GDB> dump memory private.bin 0x0000559decfceab0 0x559decfcf020

GDB> dump memory prekey.bin 0x0000559decfcfc00 0x559decfd3c00

The above commands save the chunks of memory as their own distinct files (“private.bin” and “prekey.bin”, respectively). Then – in accordance with the unshielding writeup – we grab a copy of openssh.

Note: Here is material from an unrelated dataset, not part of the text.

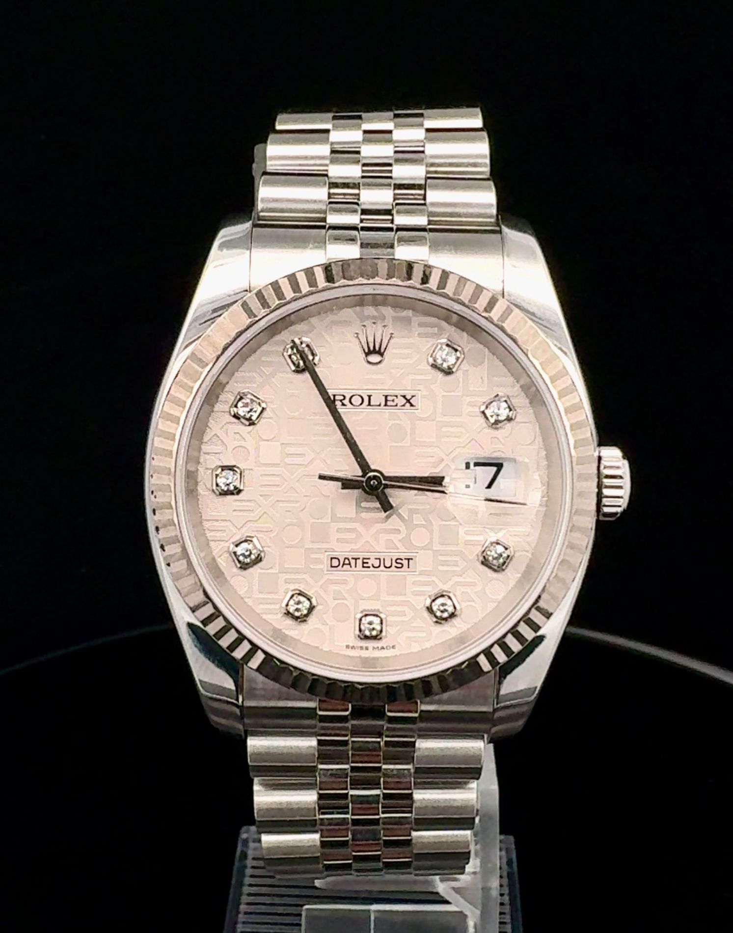 Marca Rolex Modello (Orologio) Datejust 36 Numero di referenza 116234 Carica Automatico Materiale della cassa Acciaio Materiale cinturino Acciaio Anno di produzione 2006 Condizione Usato (Ottimo) L'articolo presenta segni di usura lievi, come ad esempio graffi leggeri, ma non percepibili al tatto Corredo Con documenti originali, senza scatola originale Carica Automatico Cassa Materiale della cassa Acciaio Diametro 36 mm Impermeabile 10 ATM Materiale lunetta Oro bianco Vetro Vetro zaffiro Quadrante computer dial diamanti Cinturino Materiale cinturino Acciaio Colore cinturino Acciaio Materiale chiusura Acciaio Funzioni Data

When I initially tried to ./configure the setup for openssh, I received a notice that libcrypto was misbehaving. This stackoverflow post (https://stackoverflow.com/questions/13811889/cannot-find-libcrypto-in-ubuntu) showed a fix:

sudo apt-get install libssl-dev

I then just followed along with the GDB commands in the unshielding writeup (adjusting only for the filepath/filenames of the private/prekey).

  
b main
b sshkey_free
r
set $miak = (struct sshkey *)sshkey_new(0)
set $shielded_private = (unsigned char *)malloc(1392)
set $shield_prekey = (unsigned char *)malloc(16384)
set $fd = fopen("/tmp/private.bin", "r")
call fread($shielded_private, 1, 1392, $fd)
call fclose($fd)
set $fd = fopen("/tmp/prekey.bin", "r")
call fread($shield_prekey, 1, 16384, $fd)
call fclose($fd)
set $miak->shielded_private=$shielded_private
set $miak->shield_prekey=$shield_prekey
set $miak->shielded_len=1392
set $miak->shield_prekey_len=16384
call sshkey_unshield_private($miak)
bt
f 1
x *kp
call sshkey_save_private(*kp, "/tmp/plaintext_private_key", "", "comment", 0, "\x00", 0)
k
q

This yielded an OPENSSH private key.

We weren’t quite done yet, however. The challenge denoted that – in order to decrypt the data.enc file – we needed to have a PEM file.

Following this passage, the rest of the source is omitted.